Copyright (c) 1994 by Donna L. Hoffman and Thomas P. Novak


August 18, 1994


HOW BIG IS THE INTERNET?


Peter Lewis of the New York Times caused a stir on the Internet with his
August 10, front-page, article "Doubts are Raised on Actual Number of
Internet's Users." Lewis cast doubt upon the commonly cited number of 20 to
30 million Internet users, quoting John Quarterman as saying "Suppose there
were really only two million or three million." A deflation of market size
by a magnitude of ten is certainly cause for alarm. But are there grounds
to sound the alarm?


Quarterman's lower estimate is explained in a June 1994 FAQ in which he
makes the following points:


* the "best figures there are" are from *his* company's
January 1994 Internet Demographic Survey, rather than competitor Mark
Lottor's Internet Domain Survey,


* reachable hosts as determined from a survey should be
used as the baseline count of Internet hosts, rather than Lottor's estimate
of reachable hosts calculated from a sample of hosts in the Domain Name
System,


* the "real factor for users per Internet host" is about 3.5,
rather than 7.5 or even 10 users/host as is assumed by other researchers.

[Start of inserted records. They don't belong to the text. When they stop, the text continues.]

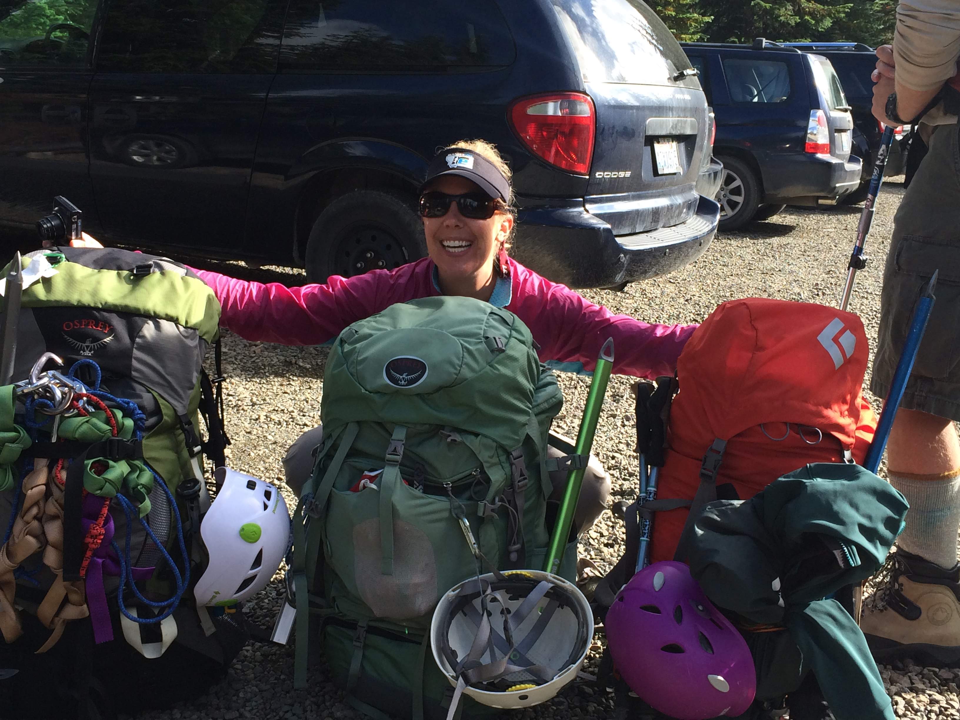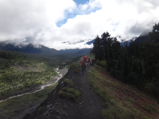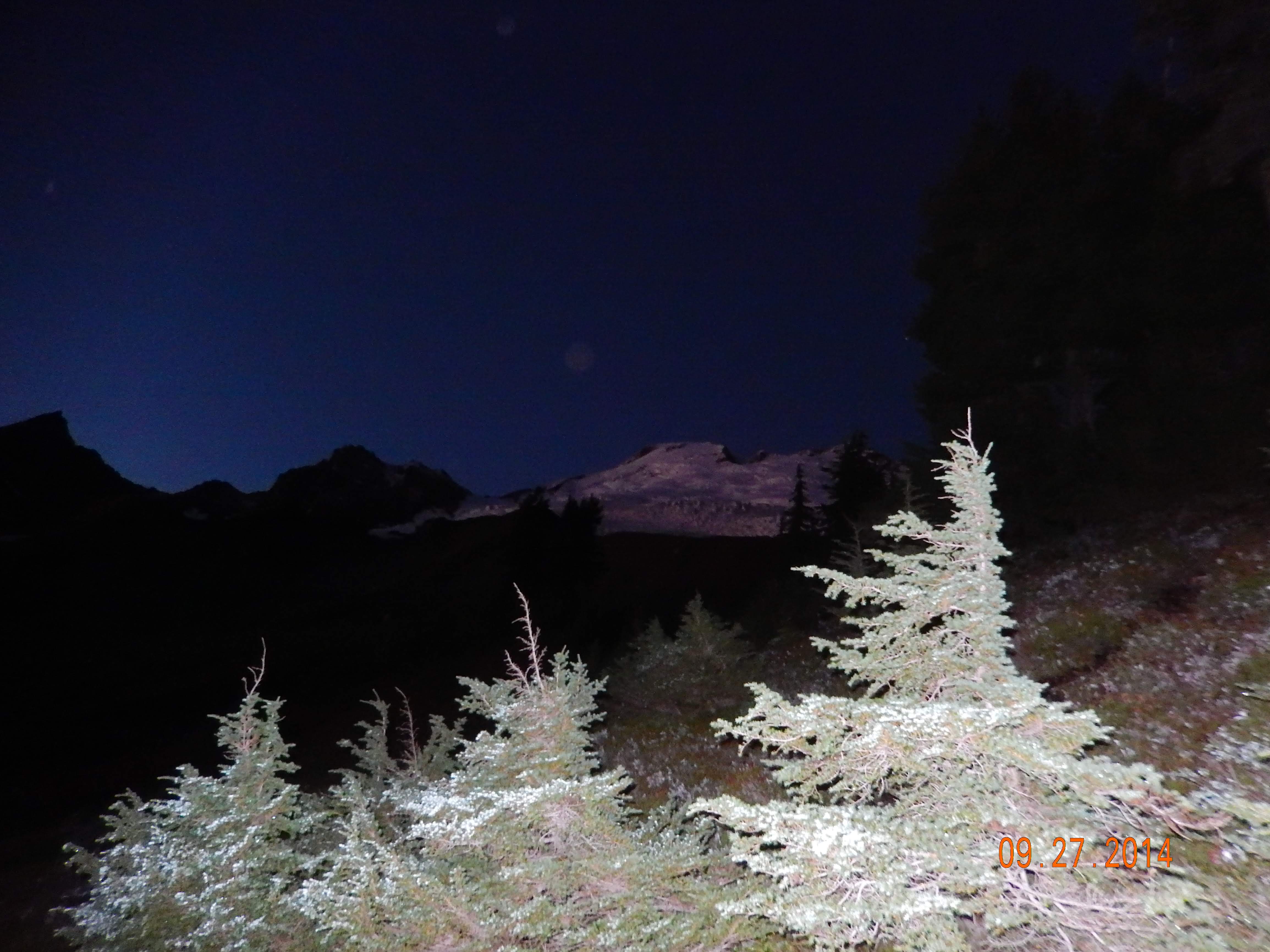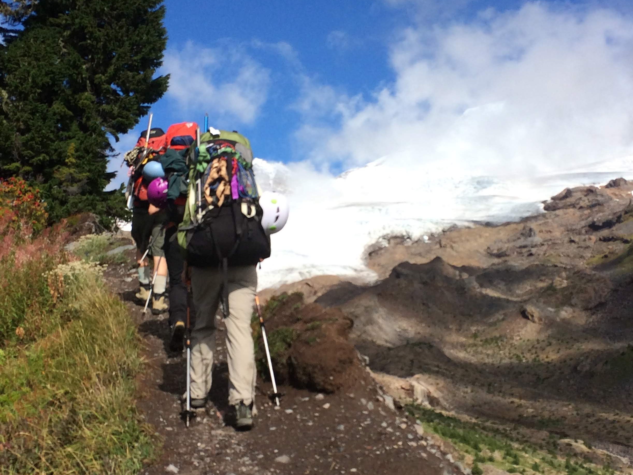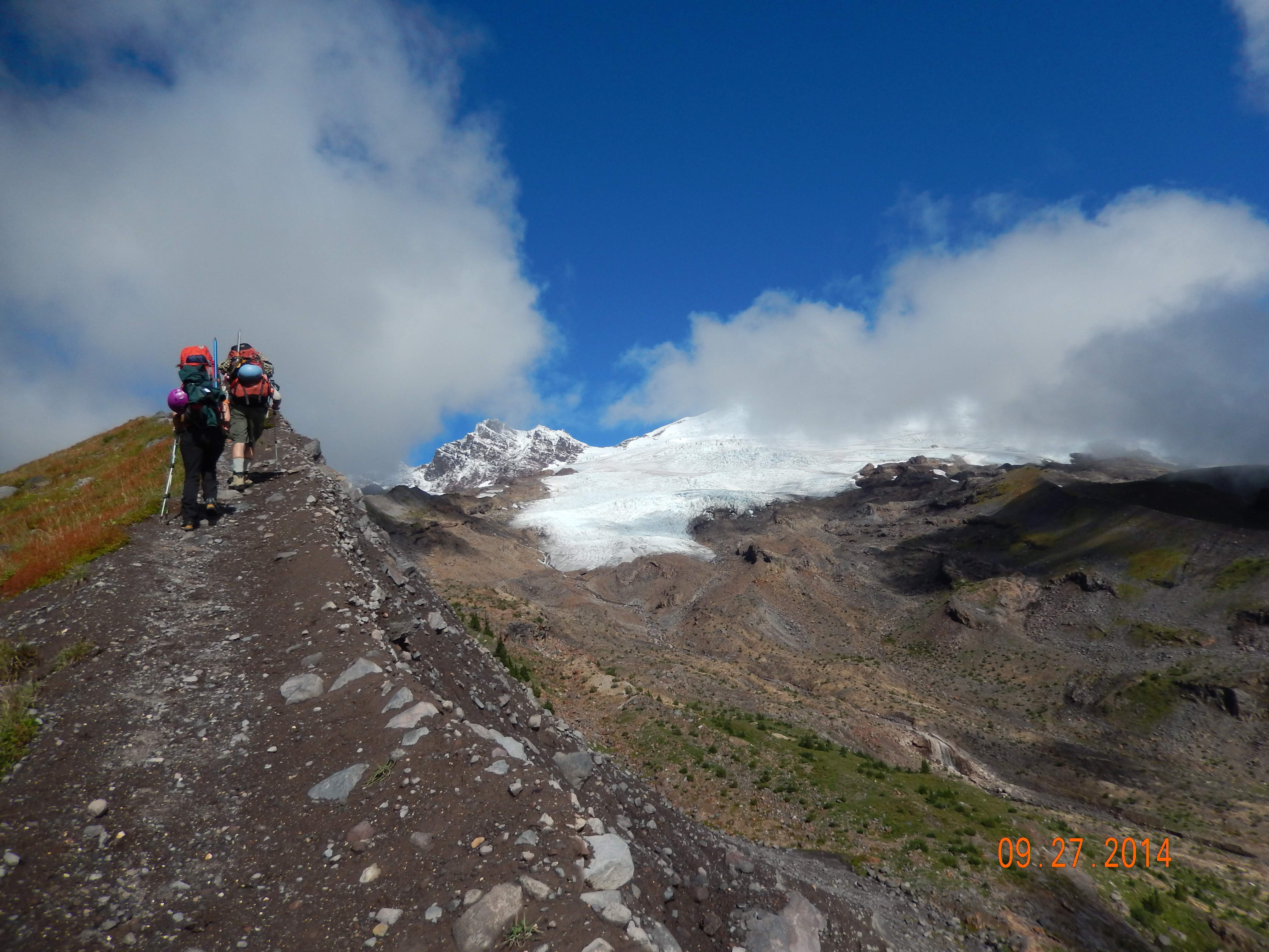 We made camp about a mile from the foot of the glacier - in a great little spot above the treeline with great views. We did a big gear layout (I had brought gear for most of the folks here) and we got everything all setup for tomorrow. We also did a few practice falls and practiced how we would move once we got onto the glacier.
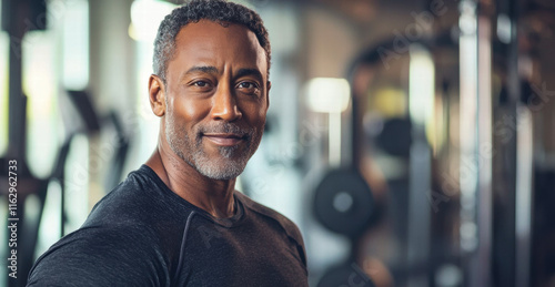A middle-aged black man with salt-and-pepper hair, dressed in workout gear, standing confidently in a gym setting, with fitness equipment visible in the background
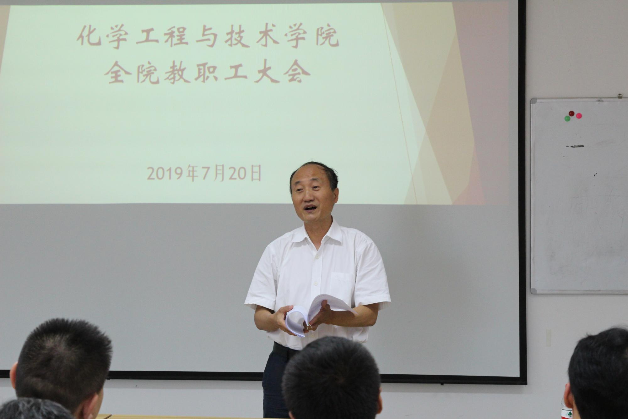 7月20日下午,院长魏进家向全院教职工传达了王树国校长暑期工作会议报告精神,对学院上半年工作任务完成情况作梳理,对学院下半年工作任务作部署。他希望全院教职工在学校和学院良好发展形势下辛勤付出,加班加点,齐心协力做好化工研究院入驻创新港等中心工作,完成下半年各项工作任务,为学院和学科发展积极贡献力量。分党委书记张早校向全院教职工传达了张迈曾书记暑期工作会议讲话精神,并作动员讲话。他再次强调了8月15日确保研究生入驻创新港的“硬任务”,要求全院教职工认真总结思考上半年工作的亮点和缺陷,补齐短板,刚性落实2019年工作任务。一是抓学习、树信念;二是抓落实、不打折;三是抓宣传、造氛围。希望全院教职工在学科评估的关键节点上“干出好样子”,在年底交出一份满意答卷。会议同时对综合治理、研究生暑期实践等工作作布置。

Let's look at each point in turn.




1) The best figures there are.


Quarterman's survey was sent to postmasters of nearly 5000 Internet
domains. Now, no offense to our local postmaster, but since he doesn't
respond to our emails, we can't imagine him taking the time to respond to
Quarterman's survey! Thus, we suspect that Vanderbilt University may not be
represented in the Internet Demographic Survey. Indeed, Quarterman's FAQ
notes that only 13% of received responses were useable. This is not very
encouraging, indicating that our postmaster would be in good company if he
did not respond. For such a high involvement product category, this
response rate is *way* too low, and introduces bias of unknown magnitude
and direction. The results are simply not projectable.


But, assuming for the moment that our postmaster *did* muster up the effort
to respond, we are concerned how he would have reacted to the survey.
Unfortunately, Quarterman's survey violates just about every rule of survey
design! For example, a basic rule of survey research is "don't ask people
questions they cannot answer." The Vanderbilt postmaster is a terrific guy
(even though he doesn't answer our emails), but we think he would have a
tough time with:


* total people in your organization: _________


* network users who send mail outside your domain: _________


* computers reachable with ICMP ECHO (ping) from the Internet: ________


* percentages of your users in the following age categories: (list of eight
age categories)


There is an expression for the requests above -- GIGO or "Garbage In,
Garbage Out." Frankly, we can't imagine postmasters, let alone anyone else,
answering these questions with anything better than wild guesses (unless of
course they've done their own surveys -- which, as far as we know, they
haven't).


Face it, these are *tough* questions that require serious legwork to
answer. We really must question the quality of the data received, and we
are certainly not convinced that in comparison to Lottor's estimates,
Quarterman's are the "best figures there are."




2) Reachable hosts.


Quarterman insists that Lottor's raw host numbers are too high because "a
lot of hosts on networks...are deliberately firewalled so you can't get
there from the Internet proper." Thus, only reachable (i.e., "pingable")
hosts should be used. Sound reasonable? Let's think about it.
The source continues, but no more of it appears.